== STUDY MATERIAL

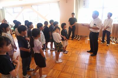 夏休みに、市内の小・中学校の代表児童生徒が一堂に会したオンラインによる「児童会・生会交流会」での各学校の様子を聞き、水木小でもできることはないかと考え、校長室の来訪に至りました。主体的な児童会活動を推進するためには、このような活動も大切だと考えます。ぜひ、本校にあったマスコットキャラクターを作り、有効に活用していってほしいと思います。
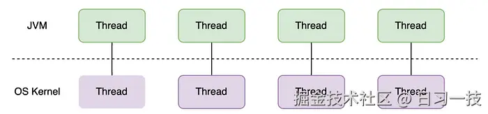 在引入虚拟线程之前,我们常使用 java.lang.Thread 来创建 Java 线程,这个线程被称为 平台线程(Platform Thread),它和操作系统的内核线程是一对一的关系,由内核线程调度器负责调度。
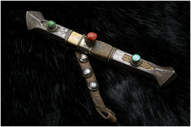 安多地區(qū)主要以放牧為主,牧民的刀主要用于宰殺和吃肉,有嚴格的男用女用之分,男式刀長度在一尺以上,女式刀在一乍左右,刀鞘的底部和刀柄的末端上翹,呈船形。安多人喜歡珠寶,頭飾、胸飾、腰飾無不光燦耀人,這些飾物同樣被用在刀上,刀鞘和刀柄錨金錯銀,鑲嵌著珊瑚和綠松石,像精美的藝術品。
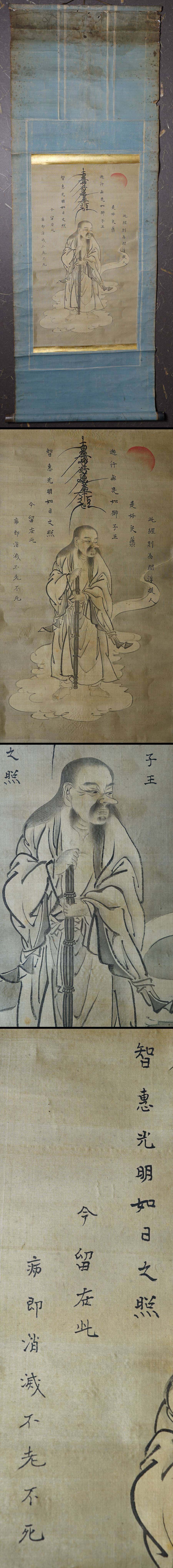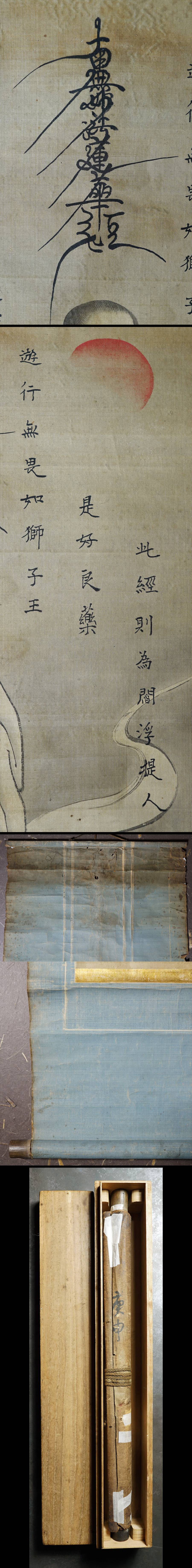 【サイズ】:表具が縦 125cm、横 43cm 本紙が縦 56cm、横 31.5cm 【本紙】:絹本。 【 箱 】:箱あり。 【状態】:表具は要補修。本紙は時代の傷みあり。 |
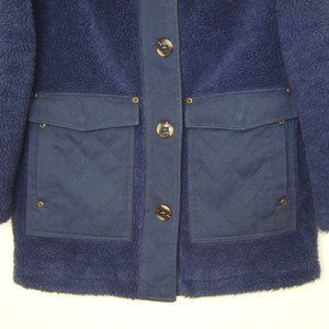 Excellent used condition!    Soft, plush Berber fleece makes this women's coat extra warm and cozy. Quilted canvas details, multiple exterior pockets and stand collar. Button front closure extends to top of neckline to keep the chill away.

====

The required output is the line containing "在引入虚拟线程之前,我们常使用 java.lang.Thread 来创建" plus every line after it to the end of the data, copied exactly and with no pictures.

 在引入虚拟线程之前,我们常使用 java.lang.Thread 来创建 Java 线程,这个线程被称为 平台线程(Platform Thread),它和操作系统的内核线程是一对一的关系,由内核线程调度器负责调度。
 安多地區(qū)主要以放牧為主,牧民的刀主要用于宰殺和吃肉,有嚴格的男用女用之分,男式刀長度在一尺以上,女式刀在一乍左右,刀鞘的底部和刀柄的末端上翹,呈船形。安多人喜歡珠寶,頭飾、胸飾、腰飾無不光燦耀人,這些飾物同樣被用在刀上,刀鞘和刀柄錨金錯銀,鑲嵌著珊瑚和綠松石,像精美的藝術品。
 【サイズ】:表具が縦 125cm、横 43cm 本紙が縦 56cm、横 31.5cm 【本紙】:絹本。 【 箱 】:箱あり。 【状態】:表具は要補修。本紙は時代の傷みあり。 |
 Excellent used condition!    Soft, plush Berber fleece makes this women's coat extra warm and cozy. Quilted canvas details, multiple exterior pockets and stand collar. Button front closure extends to top of neckline to keep the chill away.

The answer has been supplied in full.